Os autores relatam que em 1979 se dá o novo código de menores, e com ele o
trabalho infantil volta se aceito a partir de 12 anos, toda essa situação tira mais uma
vez as crianças da escola.
Durante os anos 80 com o fim da ditadura militar, as crianças em situação de
risco ganham mais visibilidade com os movimentos sociais, como o Movimento
Nacional dos Meninos de Rua, tais movimentos levaram a pauta para Constituição
Federal de 1988 e conseguiram fazer com que os direitos das crianças e
adolescentes fossem garantidos, protegendo e qualquer forma de abuso, garantindo
que a criança e o adolescente seriam dever do Estado e da sociedade tendo direito
a vida, a saúde, à educação, ao lazer, a cultura, a dignidade, ao respeito, a
liberdade, etc. A idade penal ficou definida a partir dos 18 anos e o trabalho foi
proibido até os 14 anos, com exceção dos aprendizes. Esses direitos ficaram
estabelecidos nos artigos 227, 220 e 229.
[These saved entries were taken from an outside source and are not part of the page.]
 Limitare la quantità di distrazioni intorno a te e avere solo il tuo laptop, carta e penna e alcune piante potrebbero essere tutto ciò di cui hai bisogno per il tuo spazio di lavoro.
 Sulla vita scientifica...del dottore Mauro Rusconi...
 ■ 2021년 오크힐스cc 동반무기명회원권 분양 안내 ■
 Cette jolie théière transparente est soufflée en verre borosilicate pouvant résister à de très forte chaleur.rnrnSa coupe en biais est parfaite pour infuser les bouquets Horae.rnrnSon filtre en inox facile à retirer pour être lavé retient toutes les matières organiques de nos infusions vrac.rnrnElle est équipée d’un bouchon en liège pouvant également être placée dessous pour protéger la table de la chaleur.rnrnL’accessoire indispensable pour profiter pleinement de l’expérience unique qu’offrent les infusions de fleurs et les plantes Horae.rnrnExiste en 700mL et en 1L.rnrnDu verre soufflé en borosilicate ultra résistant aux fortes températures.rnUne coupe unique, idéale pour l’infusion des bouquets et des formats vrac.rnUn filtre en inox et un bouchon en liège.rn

Infelizmente nota-se no governo de Sarney um incentivo ao trabalho infantil
como a criação do programa bom menino, este permitia a contratação de jovens a
partir dos 12 anos, entretanto, havia a obrigação das crianças estarem devidamente
matriculadas em escolas e terem uma carga horária de trabalho de no máximo 4
horas, a remuneração seria de meio salário mínimo. O intuito desse programa ainda
seguia a linha de pensamento de que com o trabalho precoce a criminalidade entre
as crianças e adolescentes iria diminuir.
Dando continuidade os autores abordam o Estatuto da Criança e do
Adolescente (ECA) criado em junho de 1990, que reafirma a defesa da criança e
adolescente, já expressada na Constituição Federal de 1988. Em seu primeiro artigo
o estatuto reconhece a criança e o adolescente como cidadãos que devem ter
proteção integral, efetivando seus direitos e estabelecendo a relação entre o Estado
e a sociedade na operacionalização prática dessa política, assim surgem os
conselhos municipais de direitos e conselhos tutelares.
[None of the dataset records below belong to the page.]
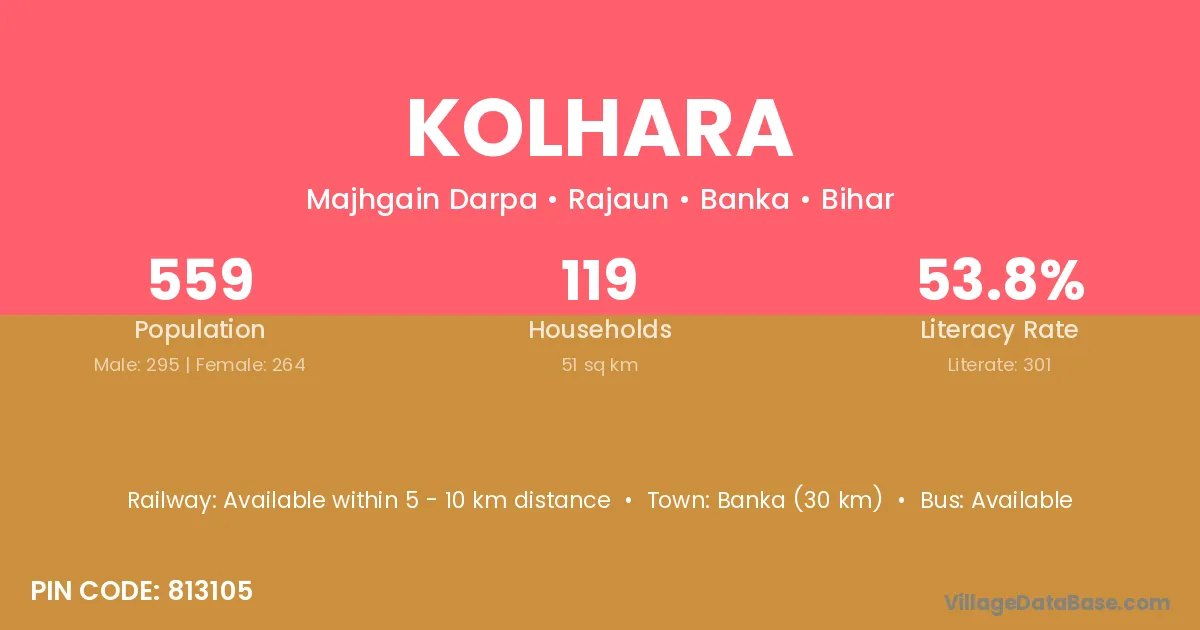 Banka (30 km) is the nearest town to Kolhara village for major economic activities and is located approximately 30 km away.
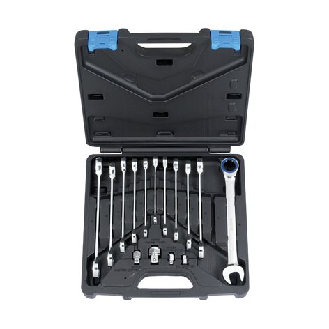 Набор ключей трещоточных комбинированных LICOTA ARW-11MK08 + 4 переходника состоит из 16 предметов в пластиковом кейсе.
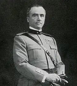 Initially an opponent of Fascism, he changed his mind after the union between fascists and nationalists in 1923, and owing to the persuasion by his friends Luigi Federzoni and Biagio Pace. He then ran at the 1924 elections, together with liberals such as Vittorio Emanuele Orlando, in the Fascist list, and was elected again to the Chamber of Deputies. Mussolini, who saw him as a general both appreciated by the Army and the king and favourable towards Fascism, immediately appointed him Minister of War, replacing Armando Diaz, whose health was deteriorating. He held office from 30 April 1924 to 4 April 1925. During his tenure Di Giorgio defended the autonomy of the Army, forbade officers from becoming involved in politics and tried to limit the role of the MVSN; at the same time, he supported Mussolini during the political crisis sparked by the murder of Giacomo Matteotti, even providing the MVSN with a hundred thousand rifles.[24][25][26][27]
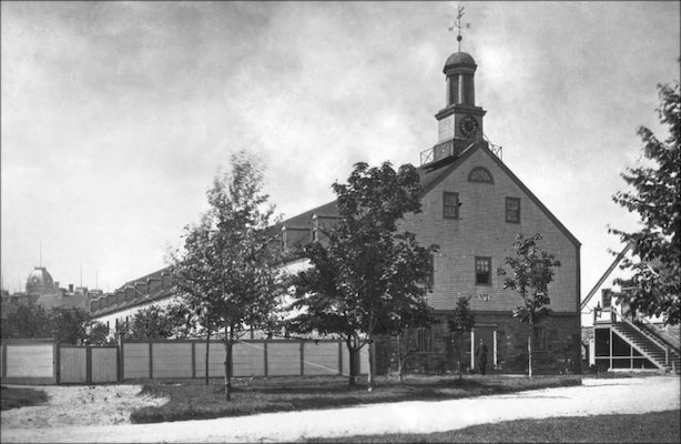 事实证明英国制造时钟是一个幸存者。1772年它安装在船坞的一家商店,一个精彩,巨大的建筑物在这里看到的C1883档案照片。
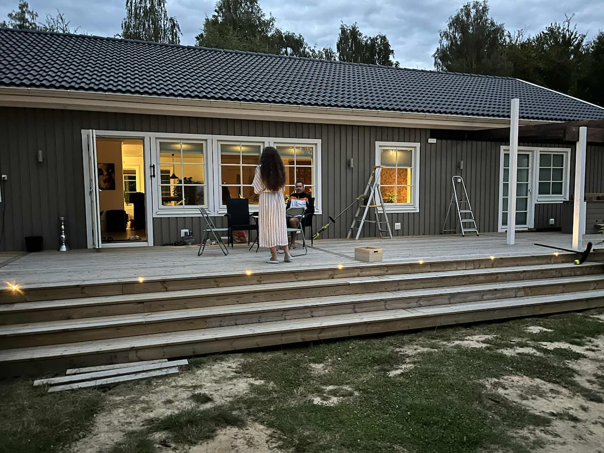 Relax in this newly built, unique and quiet accommodation right by the sea. Holiday cottage with own entrance and sea view. Perfect stay for holiday, golf, nature exploration, fishing or relax near the sea. The house has 2 bedrooms, toilet and kitchen/living room and its own patio. Near: Mörrum 5 km (fishing in Mörrumsån, golf course). Karlshamn 8 km (shopping, restaurants, cafes, archipelago). Sölvesborg 25 km (shopping, restaurants, cafes, golf course). Sweden Rock Festival 15 km.
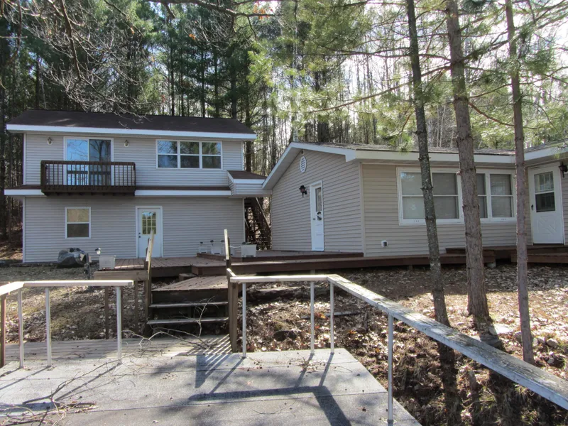 Privacy, Privacy, Privacy , 430' frontage and 10 acres with a 2 bedroom 1 bath cottage with a comfortable open kitchen/dining/living areas with some great lake views. The detached garage has a 2 bedroom l bath cottage above,see dimensions under 2nd floor. The Sellers are in the process of finishing the upper guest cottage above the garage and cabinets need to be installed in the kitchen and plumbing hooked up in kitchen and bath. This would make a great guest cottage for family and friends. Also on the property is a dry boathouse for storage of all the waterfront fishing equipment and toys. The property has beautiful rolling wooded land, with sand swimming frontage. South Two -214 acres, 69' deep, clear lake, with muskie, northern, walleye bass and panfish.The lake is connected to North Two by a channel access mostly by canoe or small boat.Come check this one out, might be perfect for yo...
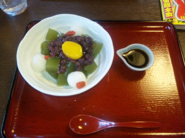 でもちょっと角度変えると空晴れてるから、こりゃ通り雨だねってことになって、甘味を食べつつ更にお店に居座ることに。
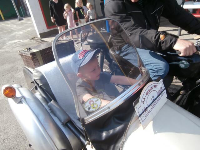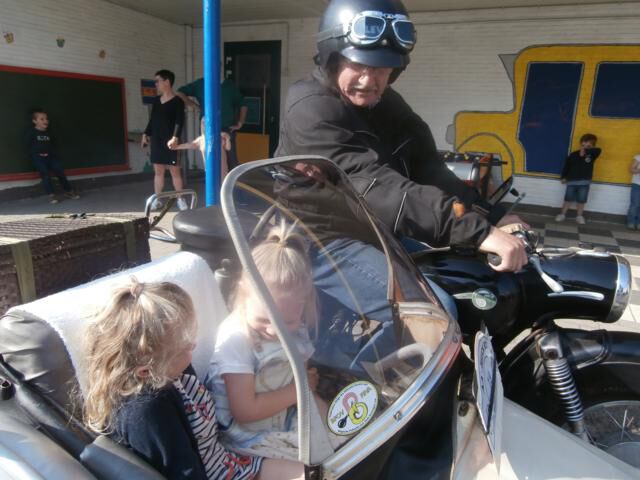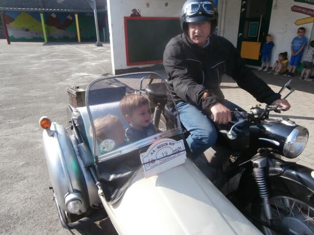 Jan op bezoek met zijn sidecar.
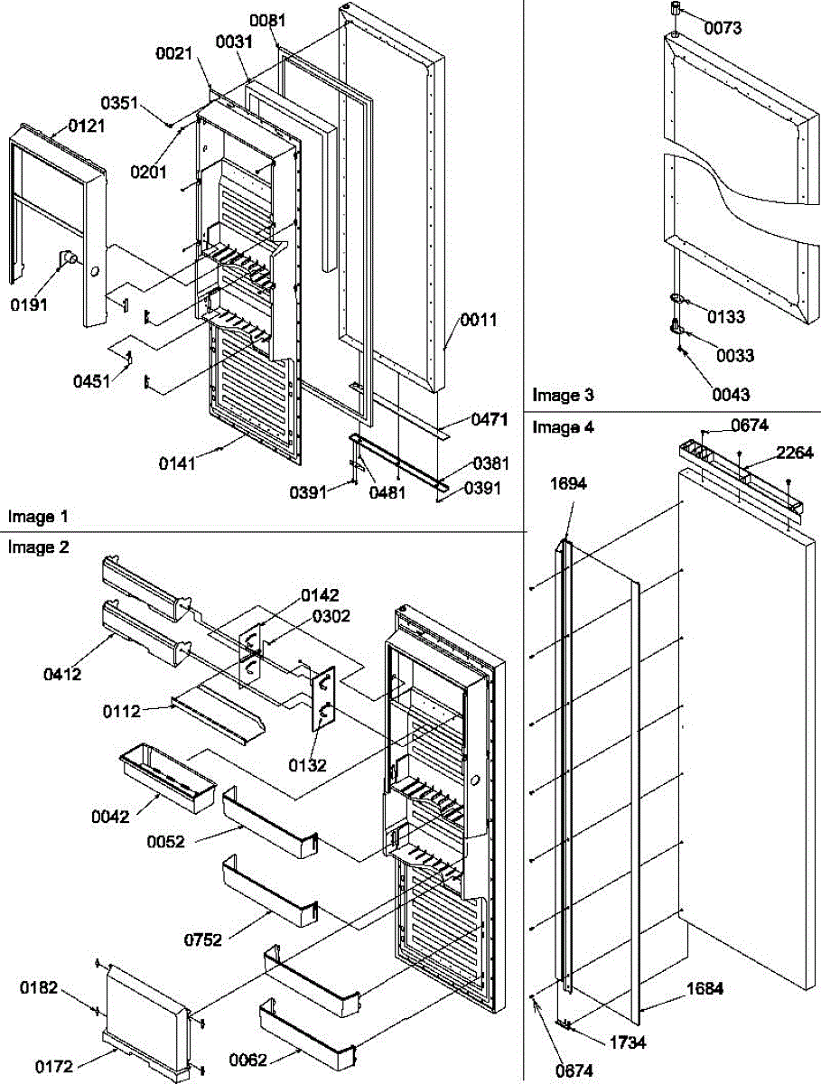 Cam kit for refrigerator door hinges. Includes black and white cams that install at door bottom and hinge. Replace when cracked, broken, or worn.
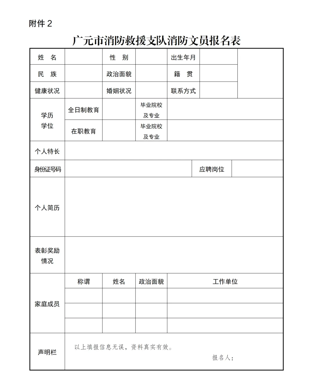 消防文员报名登记表

Nos anos seguintes os avanços em relação política de proteção à criança e ao
adolescente continuam surgindo, em outubro de 1991 é lançado o manifesto que
assume responsabilidades para melhoria do ensino fundamental, e contra a
violência com crianças, já é 92 é acrescentado no manifesto o compromisso com a
saúde. Também há o firmamento de um termo de compromisso entre o Ministério do
Trabalho, o Mistério Público Federal e a Secretaria da Polícia Federal que tinha por
objetivo a prevenção, a repressão e a erradicação do trabalho ilegal e forçado de
crianças e adolescentes.
Essa incrível finalização de capítulo traz uma ótima percepção de como a
política de assistência à criança e adolescente sofreu e inúmeros abalos, idas e
vindas, percas e ganhos ao longo do tempo, mostrando também como foi
imprescindível o papel dos movimentos sociais, das lutas por melhor qualidade de
vida a todos, de como é a persistência quando se trata de direitos é importante.

Considerações Finais
É possível concluir a grande relevância que tal obra tem para o melhor
entendimento das lutas, adversidades e vitórias que a política de proteção à criança
e adolescente enfrentou no decorrer da história brasileira.
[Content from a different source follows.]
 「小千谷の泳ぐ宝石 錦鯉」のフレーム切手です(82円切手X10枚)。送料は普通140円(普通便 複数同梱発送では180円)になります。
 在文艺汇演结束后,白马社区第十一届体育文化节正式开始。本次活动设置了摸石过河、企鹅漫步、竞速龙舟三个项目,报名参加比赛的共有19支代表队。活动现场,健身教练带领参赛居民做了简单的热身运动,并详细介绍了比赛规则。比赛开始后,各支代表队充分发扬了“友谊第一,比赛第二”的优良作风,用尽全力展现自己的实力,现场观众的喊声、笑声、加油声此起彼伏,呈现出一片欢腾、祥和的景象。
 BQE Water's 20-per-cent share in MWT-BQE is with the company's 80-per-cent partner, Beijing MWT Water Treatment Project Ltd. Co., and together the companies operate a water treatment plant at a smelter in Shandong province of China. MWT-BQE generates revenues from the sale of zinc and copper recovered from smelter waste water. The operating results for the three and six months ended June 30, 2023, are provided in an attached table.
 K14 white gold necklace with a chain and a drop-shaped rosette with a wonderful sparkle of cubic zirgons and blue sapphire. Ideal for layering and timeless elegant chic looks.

Não acredito que haja pontos negativos neste livro, contém ótima uma
linguagem e abordagem, que fizeram com que a leitura fosse agradável e fluida,
permitindo passar o conhecimento nele contido para um público extremamente
amplo, o que é tão importante no atual contexto ultraneoliberal em que vivemos,
onde há uma negação e quebra de direitos, inclusive no âmbito de proteção as
crianças e adolescentes, que por sua vez apenas agrava as situações de
vulnerabilidade já existes no Brasil.